10月に発刊したレイルNo.108
 巻頭では,京都駅と梅小路周辺の鉄道情景を,小寺康正さんのアルバムから,有名撮影地ではない,普段着の京都を感じさせてくれる情景の数々をご披露いただいた.
 西宮に住んでいた中学生にとって,京都は遠い地であったけれど,“万難を排して”でも訪問したい地でもあった.それはもちろん梅小路機関区.美しく手入れされたC57や,出来上がったばかりのDD54に対面できたのは昭和43/1968年3月のことだった.
 ほどなく興味を持ちはじめた機関車履歴簿というものを,梅小路機関区の検修事務室でいろいろ教えてもらいながら閲覧させてもらっていたら,“ぼく,なにしらべてんの?”と声を掛けてくださったのが,折りしも機関区にやってこられた小寺さんだったのである……お互いに“あぁあの時の”となったのは1年以上経ってからのことだが.

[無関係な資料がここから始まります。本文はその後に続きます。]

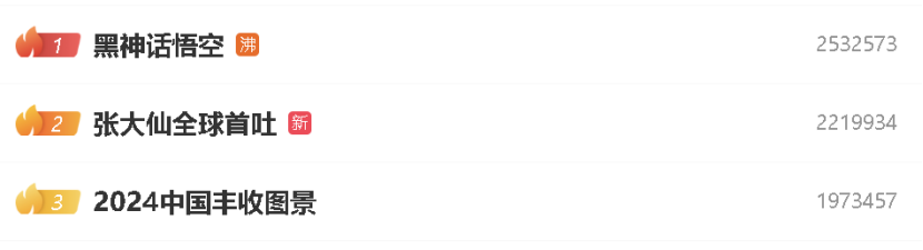 抖音、快手、B站等各大社交軟件,熱榜榜首均為黑神話悟空相關內容。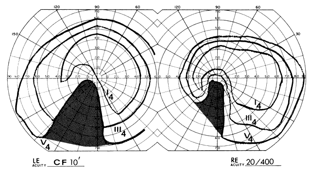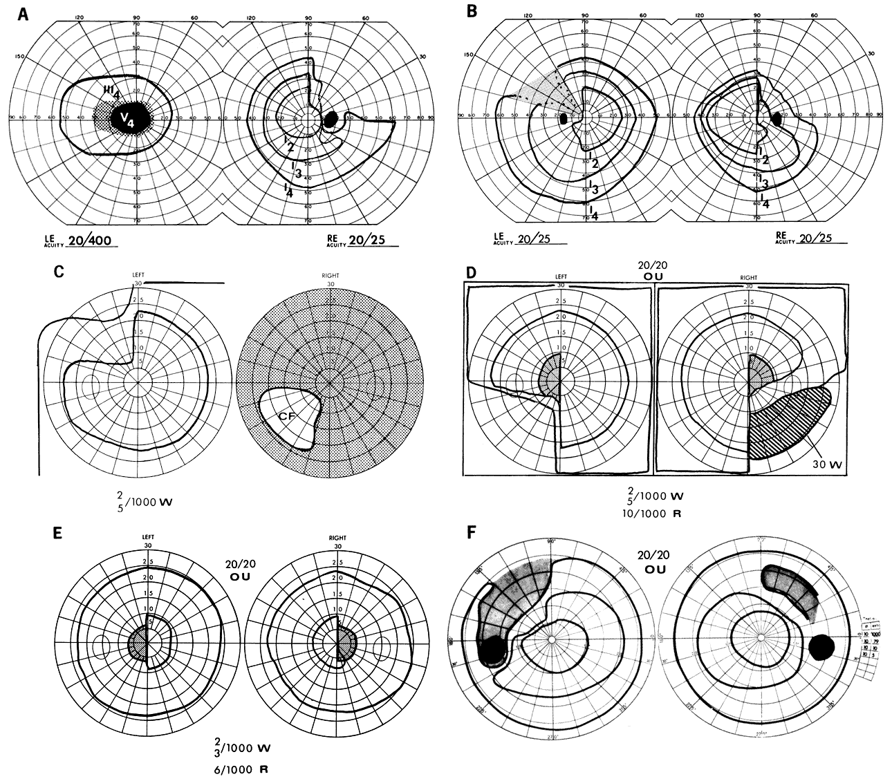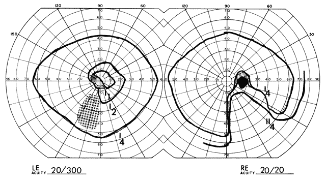 on a bitemporal theme (Fig. 1). Asymmetry of field loss is the rule, such that one eye may show advanced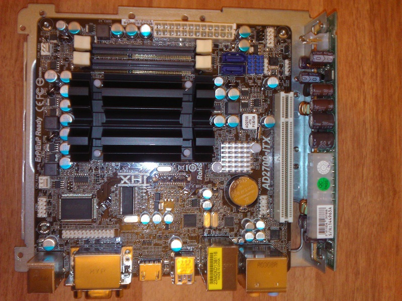 Основой послужила мат. плата ASRock AD2700-ITX, с предустановленным процессором Intel D2700 (2 ядра, 2,13 GHz) и пассивным охлаждением.
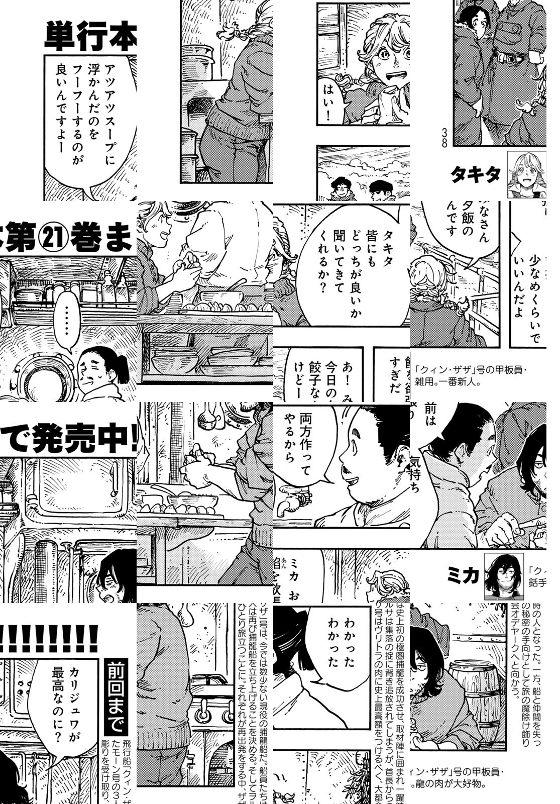 龍を追って、世界の空を往く捕龍船『クィン・ザザ号』。大物を捕まえれば一獲千金、獲りたての肉も食べ放題。でも、失敗したらもちろんお陀仏。空と龍に魅せられた乗組員たちの大冒険の旅&世界グルメ紀行!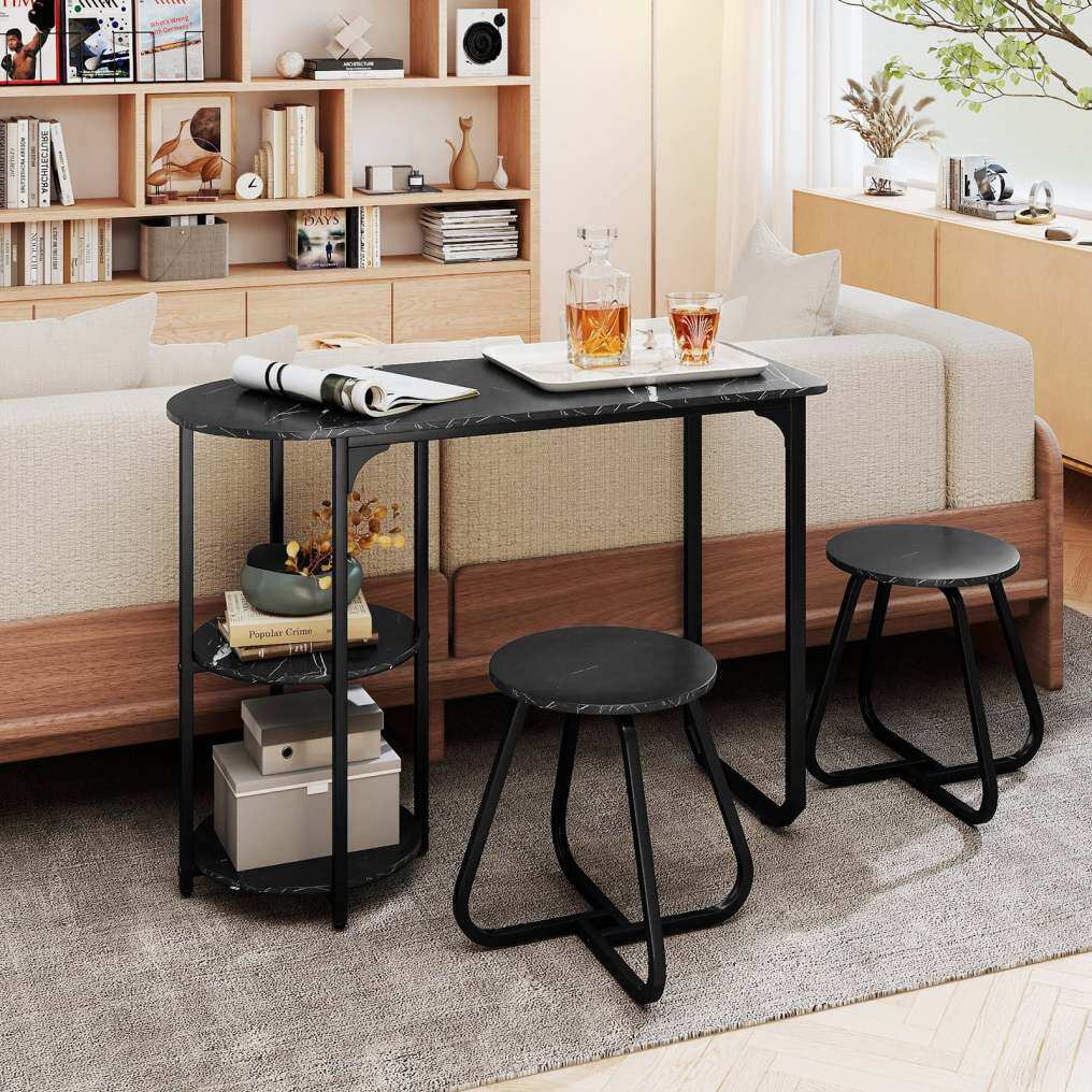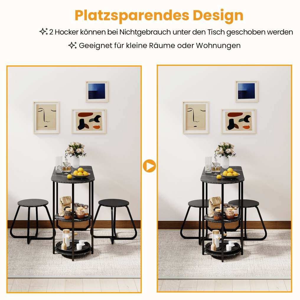 Space-saving design for small spaces: The two stools can be pushed under the dining table when not in use, maximizing your living space. This set is ideal for compact apartments, small kitchens, breakfast nooks, or student dorms where every inch counts.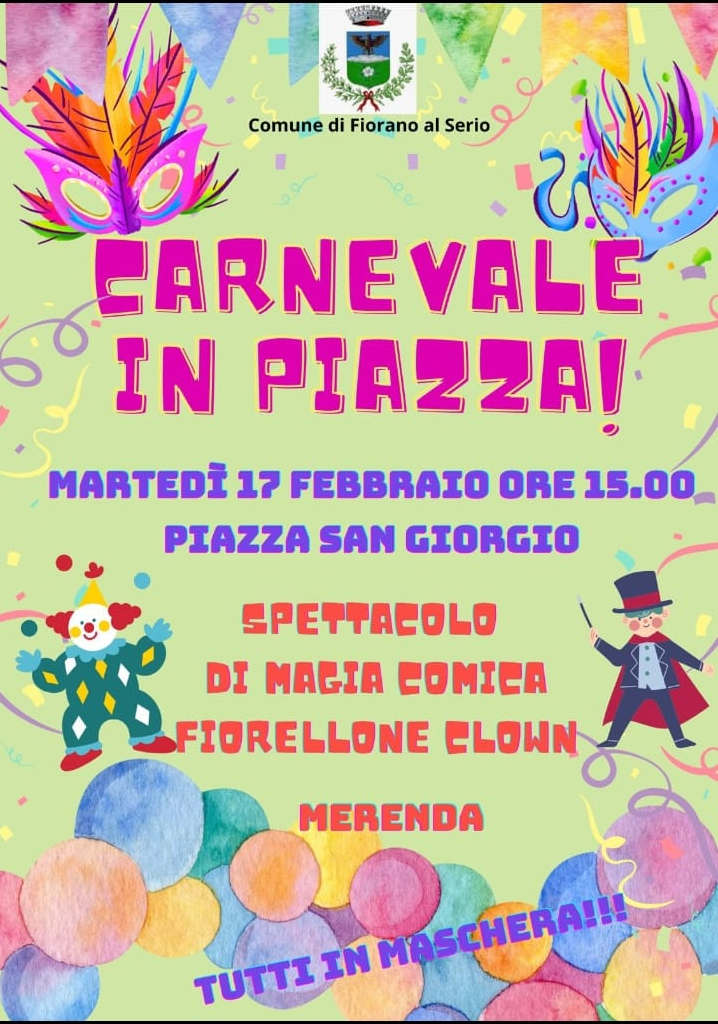 Il Carnevale poi, diventa un’occasione speciale per condividere lo spazio del sagrato della chiesa di Fiorano al Serio, e stare insieme in compagnia. Una festa pensata per i più piccoli, ma aperta davvero a tutti, dove il divertimento non mancherà. Protagonista dell’evento sarà Fiorellone, che saprà stupire grandi e bambini con giochi di magia e momenti di animazione. Sarà un pomeriggio dedicato al condividere e al fare festa come comunità. A rendere ancora tutto più piacevole ci sarà una merenda per tutti, grazie alla preziosa collaborazione dei volontari civici. Vi aspettiamo in piazza, in maschera o senza, martedì 17 febbraio alle ore 15: portate sorrisi, voglia di stare insieme e tanta allegria.

 そんな思い出も含めてのグラフ構成は,実に楽しい作業だった.梅小路を訪問したことのあるファンならばみんなが通ったであろう中央卸売市場の七条通りや丹波口駅の風情などを,存分にお楽しみいただければ幸いである.登場する機関車はC51からC57,8620をはじめとする蒸気機関車機関車だけでなく,東海道本線全線電化とともに姿を見ることができるようになったEH10,さらには山陰本線で試用された各種ディーゼル機関車も含まれる.さらに加えて京都市電も登場する.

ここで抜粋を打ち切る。